**TASK PROMPT:**
Repeat the entries below word for word, though any picture in them should be dropped.

--- SOURCE DATA Enclosed Below ---

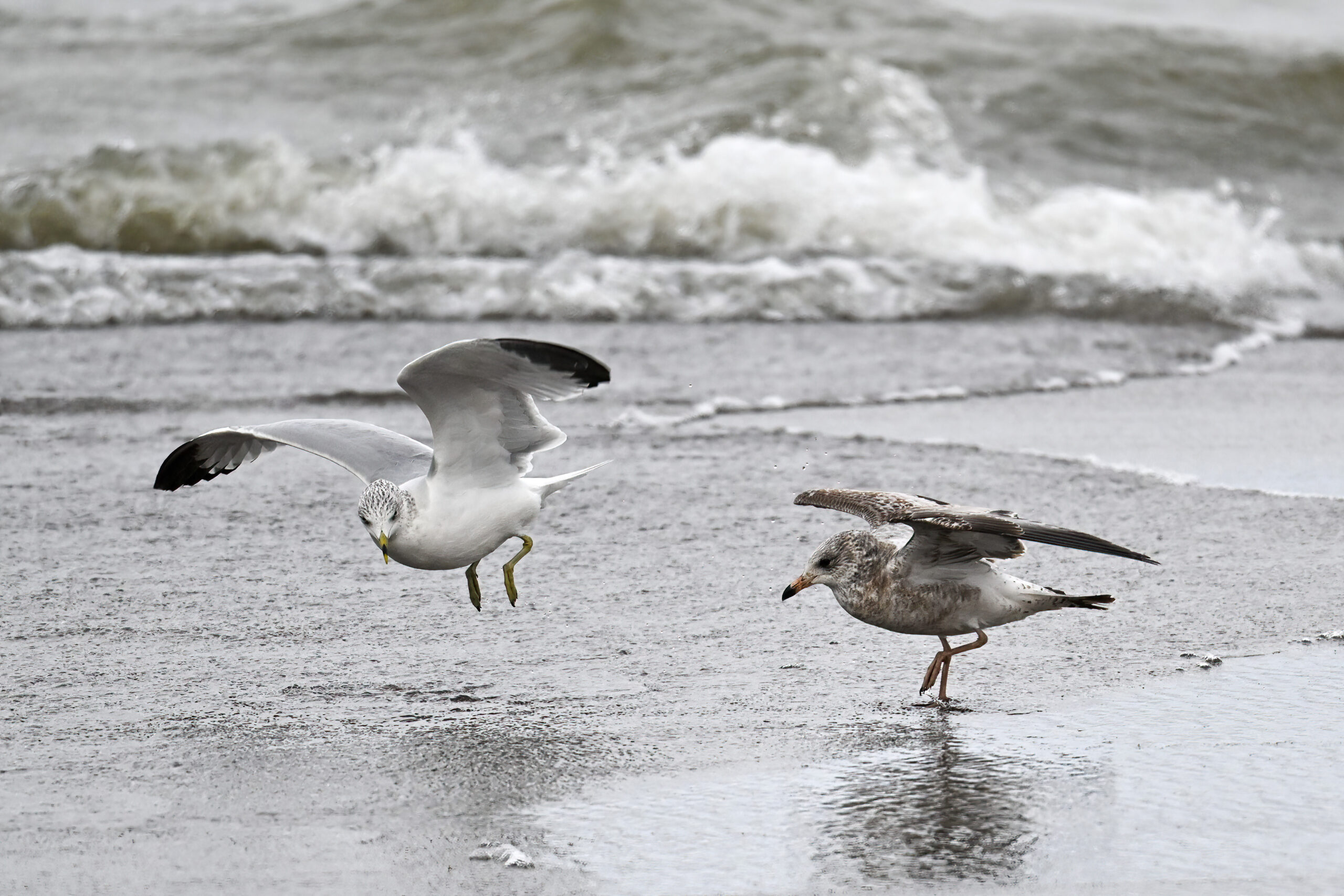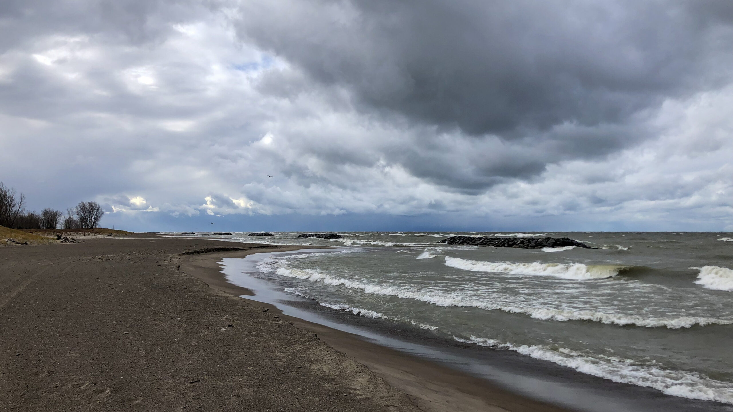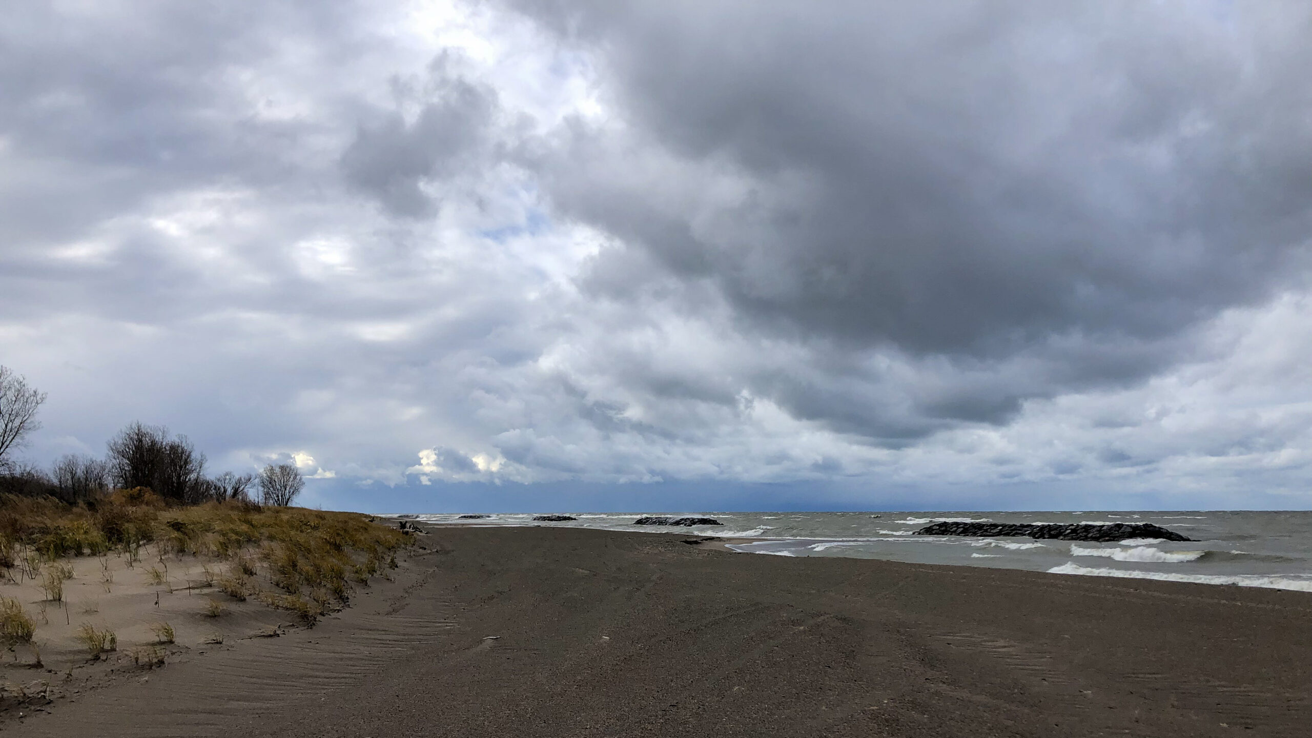 After a spell of highly unsettled weather in Erie County, Pennsylvania, looks like it might be a nice day (Wednesday) today, w/ some sunshine. Weather Saturday was unusually warm (above 17 deg C / 63 deg F) with localized thunderstorms, Sunday it turned colder with mixed wintery precipitation, sometimes locally heavy, then cloudy/cold/windy since then. These photographs taken on the beach at Sunset Point on Sunday at Presque Isle State Park, under amazingly unpleasant (very windy and bitterly cold) conditions.
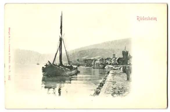 Relief-AK Rüdesheim / Rhein, Uferpartie mit Segelboot
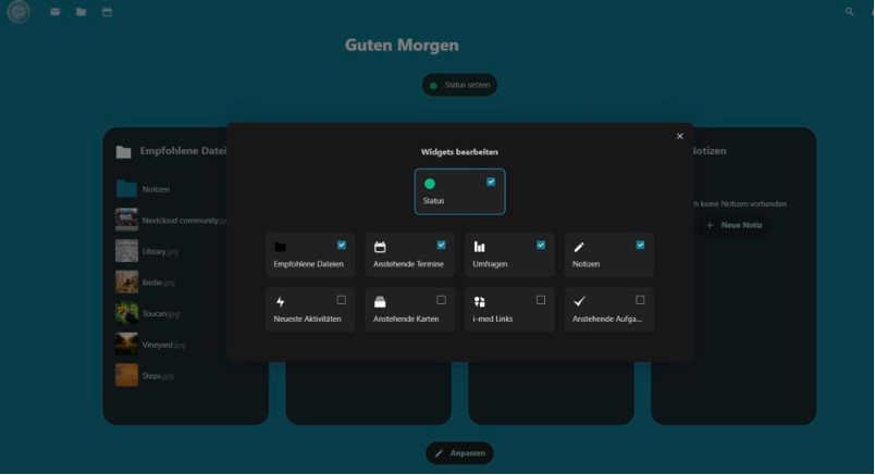 Wir empfehlen, folgende Widgets für die Anzeige im Dashboard auszuwählen:
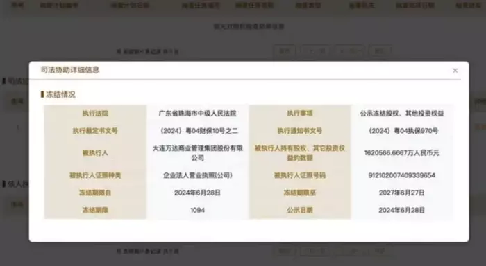 今年1月才成立的“新达盟”遭遇了多次股权冻结,天眼查法律诉讼信息显示,近日,新达盟被冻结股权数额约162亿元,冻结期限自2024年6月28日至2027年6月27日,执行法院为广东省珠海市中级人民法院。随后大连万达商业管理集团股份有限公司新增一条股权冻结信息,股权被执行的企业为大连新达盟商业管理有限公司,冻结股权数额5.41亿余元,冻结期限自2024年9月2日至2027年9月1日,执行法院为江苏省南京市中级人民法院。
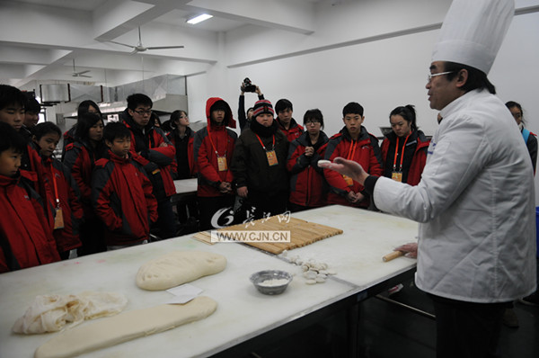 学生们听厨艺大师讲解(摄影:赵磊)
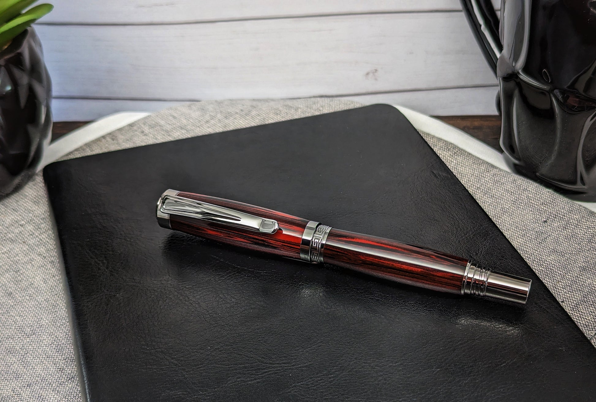 Indulge in the opulent charm and exceptional craftsmanship of a carefully crafted rollerball pen. Painstakingly sculpted from the most exquisite black and red German ebonite, this masterpiece flaunts a tastefully designed Greek Key center band, a comfortably contoured nib, and a gracefully curved cap finial. Adding this ageless treasure into your collection is guaranteed to be a memorable acquisition.
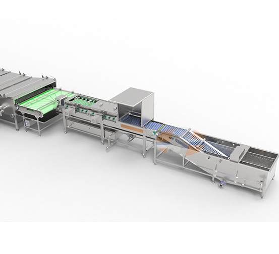 3. Brush cleaning: After being sprayed with clean water, the eggs enter the brush cleaning process. The eggs must rotate while being conveyed, and the brush is used to brush the eggs in all directions.
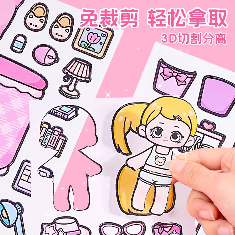 小麻薯女孩安静书新款 饰创意素材贴儿童解压益智玩具手工制作磁力贴安静书 秘境来信免裁剪立体书diy贴纸装
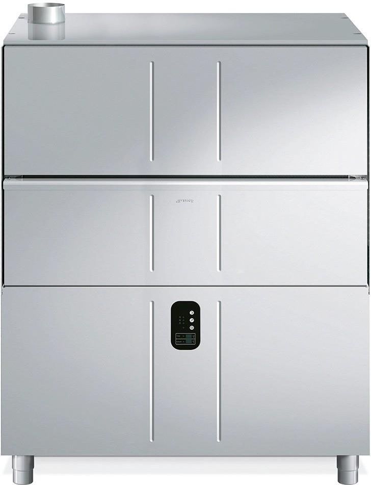 Zmywarka gastronomiczna do akcesoriów marki SMEG. Posiada sterowanie elektroniczne. Odbudowa wykonana ze stali nierdzewnej AISI 304 o pojedynczych ściankach. Komora posiada podwójne ścianki oraz zaokrąglone krawędzie, ułatwiające utrzymanie higieny. Drzwi z izolacją termo-akustyczną. W zmywarce zamontowane dozowniki perystaltyczne do płynu nabłyszczającego oraz płynu myjącego z regulacją elektroniczną. Ponadto zmywarka jest wyposażona w system płukania HTR ( bojler atmosferyczny i pompę płukania). Za mycie odpowiadają 3 pompy myjące z systemem soft start oraz opcją opóźnionego startu. Po 4 ramiona płuczące i myjące wykonane ze stali nierdzewnej AISI 304. Odpływ wspomagany pompą spustową z 2-stopniowym filtrem nieczystości. System płukania z funkcją termostop zapewniającą optymalną temperaturę cyklu płukania. Wysokość wejścia do komory zmywarki wynosi 85 cm. Wymiary kosza do zmywarki wynoszą 60x132 cm. Wydajność zmywarki to max 30 koszy na godzinę. Zbiornik zmywarki ma pojemność 130 l, a wbudowany bojler 17 litrów. Zmywarka wyposażona w automatyczny system wykrywania defektów. Zmywarka posiada 3 programy: P1 trwający 120 sekund, P2 240 sekund oraz P3 zmywanie ciągłe. Wysokość zmywarki po otwarciu komory 243 cm. Urządzenie przystosowane do mycia pojemników GN.
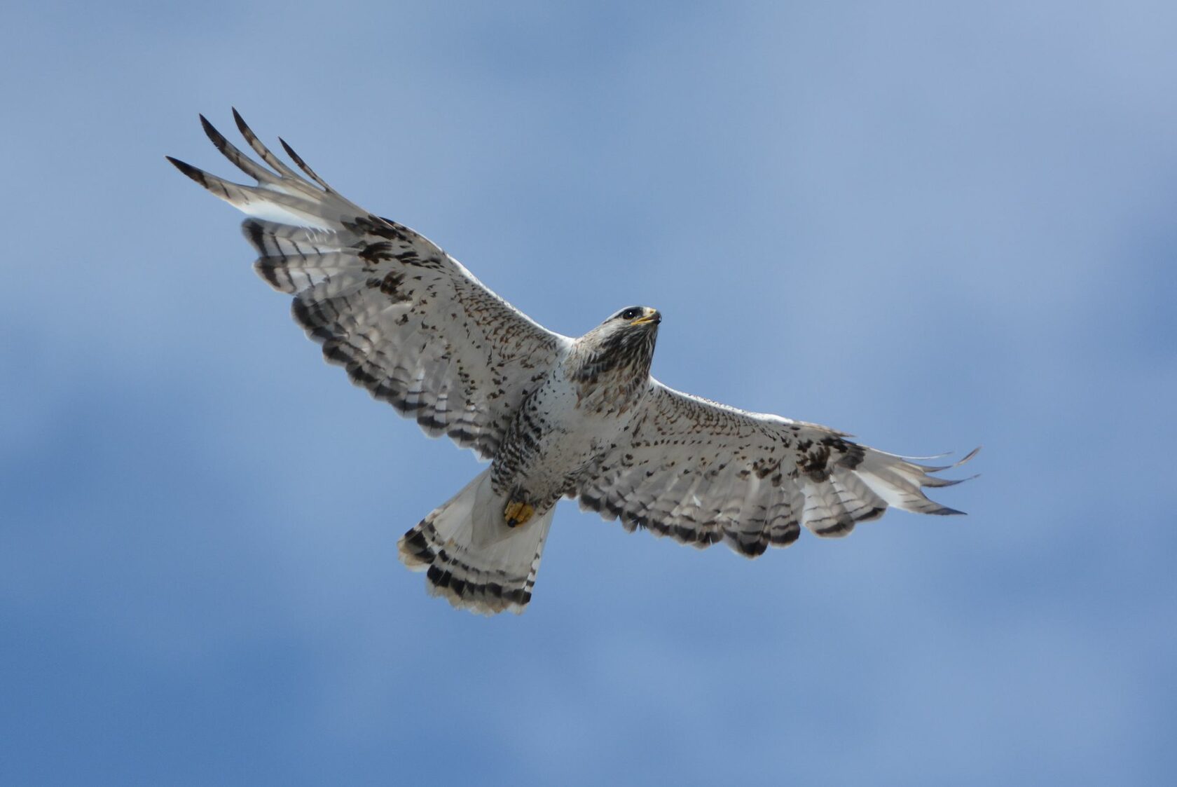 Полевые признаки. Крупная хищная птица (0,9−1,1 кг, самки крупнее самцов) с коричневой радужиной и желтыми лапами, плюсна оперена до самых пальцев. Спина и крылья темно-бурые, голова охристая, на зобу темные продольные пестрины. Живот черный, подхвостье белое. Хвост белый с широкой темной полосой по внешнему краю. Подкрылья белые, на сгибе крыла видны крупные черные пятна. Молодые птицы светлее взрослых. Полет маневренный, с частым парением, зависаниями, резкими подъемами и пикированием.

--- End of Enclosed SOURCE DATA ---

**SOLUTION:**
 After a spell of highly unsettled weather in Erie County, Pennsylvania, looks like it might be a nice day (Wednesday) today, w/ some sunshine. Weather Saturday was unusually warm (above 17 deg C / 63 deg F) with localized thunderstorms, Sunday it turned colder with mixed wintery precipitation, sometimes locally heavy, then cloudy/cold/windy since then. These photographs taken on the beach at Sunset Point on Sunday at Presque Isle State Park, under amazingly unpleasant (very windy and bitterly cold) conditions.
 Relief-AK Rüdesheim / Rhein, Uferpartie mit Segelboot
 Wir empfehlen, folgende Widgets für die Anzeige im Dashboard auszuwählen:
 今年1月才成立的“新达盟”遭遇了多次股权冻结,天眼查法律诉讼信息显示,近日,新达盟被冻结股权数额约162亿元,冻结期限自2024年6月28日至2027年6月27日,执行法院为广东省珠海市中级人民法院。随后大连万达商业管理集团股份有限公司新增一条股权冻结信息,股权被执行的企业为大连新达盟商业管理有限公司,冻结股权数额5.41亿余元,冻结期限自2024年9月2日至2027年9月1日,执行法院为江苏省南京市中级人民法院。
 学生们听厨艺大师讲解(摄影:赵磊)
 Indulge in the opulent charm and exceptional craftsmanship of a carefully crafted rollerball pen. Painstakingly sculpted from the most exquisite black and red German ebonite, this masterpiece flaunts a tastefully designed Greek Key center band, a comfortably contoured nib, and a gracefully curved cap finial. Adding this ageless treasure into your collection is guaranteed to be a memorable acquisition.
 3. Brush cleaning: After being sprayed with clean water, the eggs enter the brush cleaning process. The eggs must rotate while being conveyed, and the brush is used to brush the eggs in all directions.
 小麻薯女孩安静书新款 饰创意素材贴儿童解压益智玩具手工制作磁力贴安静书 秘境来信免裁剪立体书diy贴纸装
 Zmywarka gastronomiczna do akcesoriów marki SMEG. Posiada sterowanie elektroniczne. Odbudowa wykonana ze stali nierdzewnej AISI 304 o pojedynczych ściankach. Komora posiada podwójne ścianki oraz zaokrąglone krawędzie, ułatwiające utrzymanie higieny. Drzwi z izolacją termo-akustyczną. W zmywarce zamontowane dozowniki perystaltyczne do płynu nabłyszczającego oraz płynu myjącego z regulacją elektroniczną. Ponadto zmywarka jest wyposażona w system płukania HTR ( bojler atmosferyczny i pompę płukania). Za mycie odpowiadają 3 pompy myjące z systemem soft start oraz opcją opóźnionego startu. Po 4 ramiona płuczące i myjące wykonane ze stali nierdzewnej AISI 304. Odpływ wspomagany pompą spustową z 2-stopniowym filtrem nieczystości. System płukania z funkcją termostop zapewniającą optymalną temperaturę cyklu płukania. Wysokość wejścia do komory zmywarki wynosi 85 cm. Wymiary kosza do zmywarki wynoszą 60x132 cm. Wydajność zmywarki to max 30 koszy na godzinę. Zbiornik zmywarki ma pojemność 130 l, a wbudowany bojler 17 litrów. Zmywarka wyposażona w automatyczny system wykrywania defektów. Zmywarka posiada 3 programy: P1 trwający 120 sekund, P2 240 sekund oraz P3 zmywanie ciągłe. Wysokość zmywarki po otwarciu komory 243 cm. Urządzenie przystosowane do mycia pojemników GN.
 Полевые признаки. Крупная хищная птица (0,9−1,1 кг, самки крупнее самцов) с коричневой радужиной и желтыми лапами, плюсна оперена до самых пальцев. Спина и крылья темно-бурые, голова охристая, на зобу темные продольные пестрины. Живот черный, подхвостье белое. Хвост белый с широкой темной полосой по внешнему краю. Подкрылья белые, на сгибе крыла видны крупные черные пятна. Молодые птицы светлее взрослых. Полет маневренный, с частым парением, зависаниями, резкими подъемами и пикированием.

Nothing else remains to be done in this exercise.